Ya my coat has a powder skirt and so do my normal pants... I always make it a point to pull down my skirt when I take off and I never have issues


----------



## Chris2347 (Nov 7, 2009)

Volcom pants and jacket zip together


----------



## Triple8Sol (Nov 24, 2008)

Burton, Holden, Special Blend, Volcom that I know of. Isn't their entire lines, depends on the model, usually the higher end ones.


----------



## mimalmo (Nov 20, 2010)

I have Burton Poacher pants and jacket that have this feature.


----------



## DC5R (Feb 21, 2008)

Burton, Volcom, Holden zip together and some like Vans and 686 snap together.


----------



## Nivek (Jan 24, 2008)

Volcom patented it. Theirs is best. Instead of it being at the top of the pants, theirs is at the bottom of the belt loops.

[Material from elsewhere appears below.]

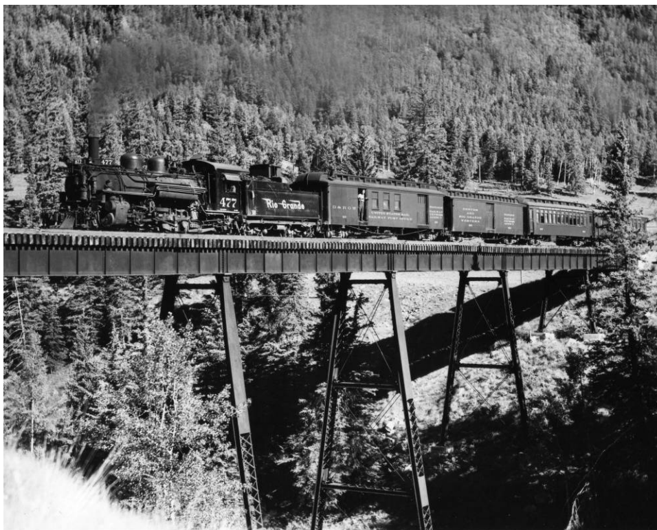
Frame 4. Westbound Train No. 115, the San Juan passenger, on Wolf Creek trestle, K-28 Class locomotive #477. Date July 2, 1941.

That way you actually have some room for your layers instead of tucking it all into your pants.


----------



## Snowfox (Dec 26, 2009)

Volcom's is pretty good, but I noticed that my pants and Jacket don't match up completely (hasn't been a problem though). 


I actually got my ride jacket to cross with the Volcom pants, so I was pretty happy with that.


----------



## Jeklund (Dec 14, 2009)

My burton jacket have a powder skirt and it buttons together at the front. It also can be zipped to my pants at the back but i never do it cause its a pain in the ass to zip and it makes it so i have to tuck my hoodie or whatever im wearing under my jacket into my pants and it's kinda awkward. Haven't had a problem with it yet but if i ever start getting snow down my back its nice to have the option.


----------



## garavac (Dec 1, 2008)

have volcom...love it


----------



## InfiniteEclipse (Jan 2, 2009)

Milo303 said:


> I always make it a point to pull down my skirt when I take off and I never have issues


Could I quote this in my sig? :cheeky4: I suspect one of these days you'll have an issue


----------



## Pensrud (Sep 30, 2012)

*Couldn't agree more*



InfiniteEclipse said:


> Could I quote this in my sig? :cheeky4: I suspect one of these days you'll have an issue



As a tall rider, I have always had issues. If I sit on groomers, which I never do, and don't ride aggressively (rare), sure, the skirt can stay down. But too often if doing any large movements, the skirt is up, and the buttons released.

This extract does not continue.